Work required
Transcribe word for word the section of the records below that opens with the line containing "Cam füzyon mavi" and closes with the line containing "This stunning 12"; drop every picture.

□ □ □ □ □

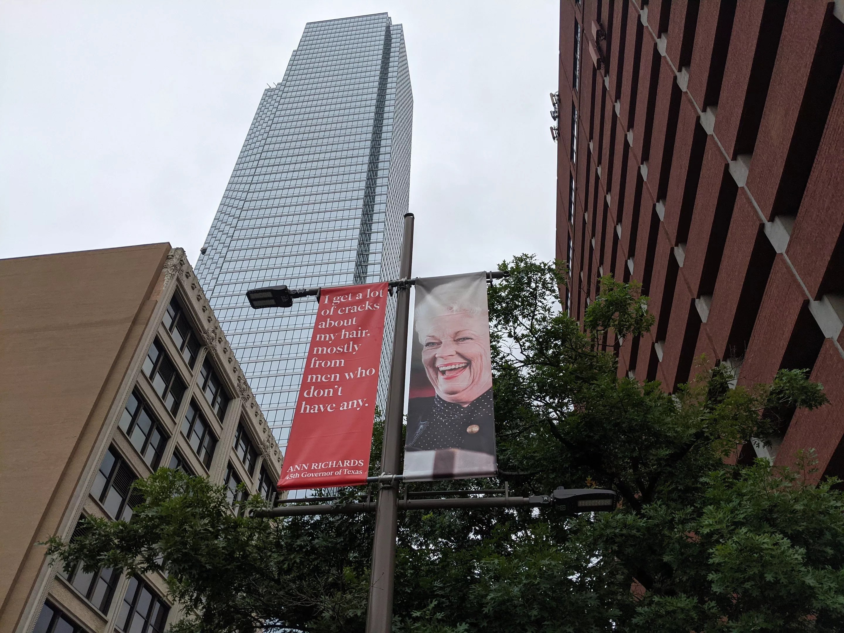 Now, three decades after that inaugural address, a new banner campaign in Downtown Dallas seeks to honor Richards’ legacy.
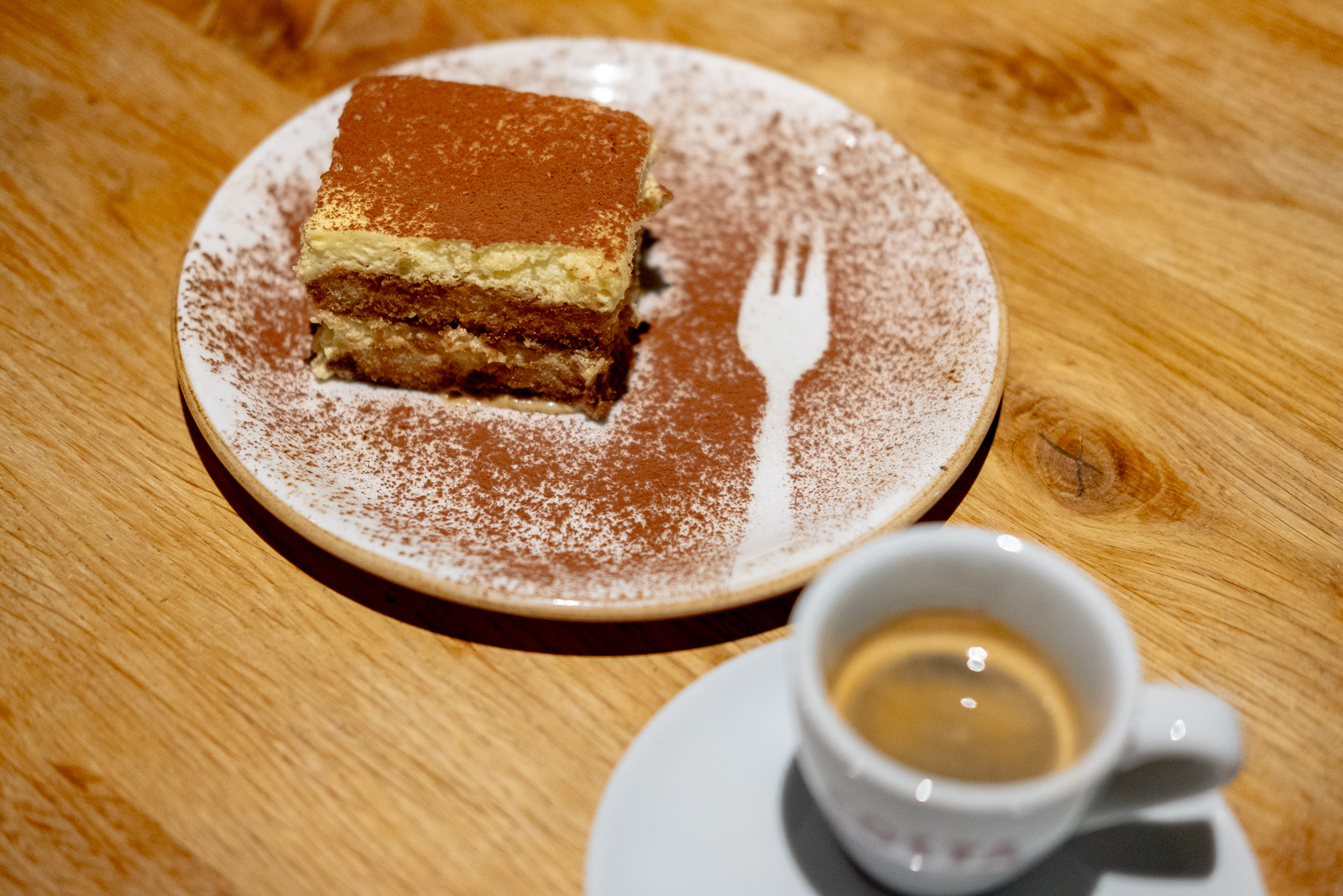 Opting to stick with the basics, we added a tiramisu to round out the order, which didn’t turn any heads. Arriving lopsided, it tasted simultaneously light (think soft meringue and canned whipped cream) while still coating the mouth with a layer of fat. Sweet as a Greek cake, without anything cake-like in its consistency or layers, and only a hint of coffee or booze.
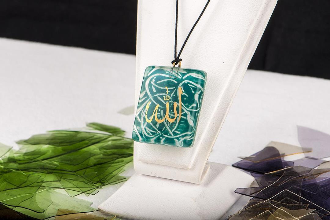 Cam füzyon mavi Allah kolye. %10 altın içerir
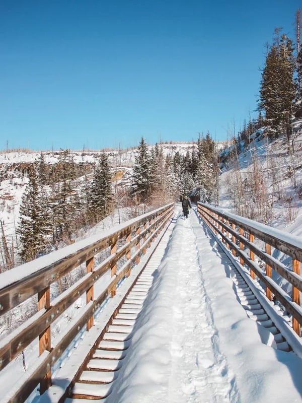 This stunning 12 km stretch of the Kettle Valley Railway just outside Kelowna features eighteen trestle bridges, two tunnels, and incredible views of the canyon below. It’s super scenic, flat, and perfect for hiking or biking.
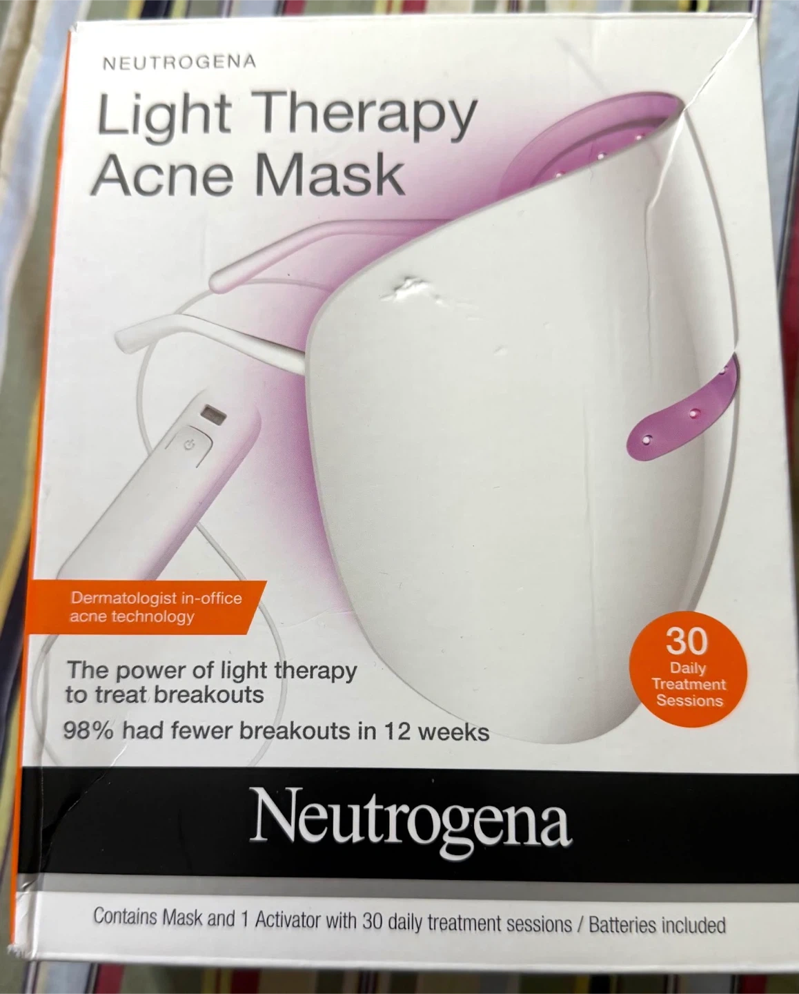 This Neutrogena Light Therapy Acne Mask uses dermatologist-proven technology to treat breakouts. It's lightweight and comfortable for a relaxing treatment. It covers your face and has a button to activate treatment, with auto shut-off. Includes mask, 1 activator, 30 daily treatment sessions, and batteries.

□ □ □ □ □

Output
 Cam füzyon mavi Allah kolye. %10 altın içerir
 This stunning 12 km stretch of the Kettle Valley Railway just outside Kelowna features eighteen trestle bridges, two tunnels, and incredible views of the canyon below. It’s super scenic, flat, and perfect for hiking or biking.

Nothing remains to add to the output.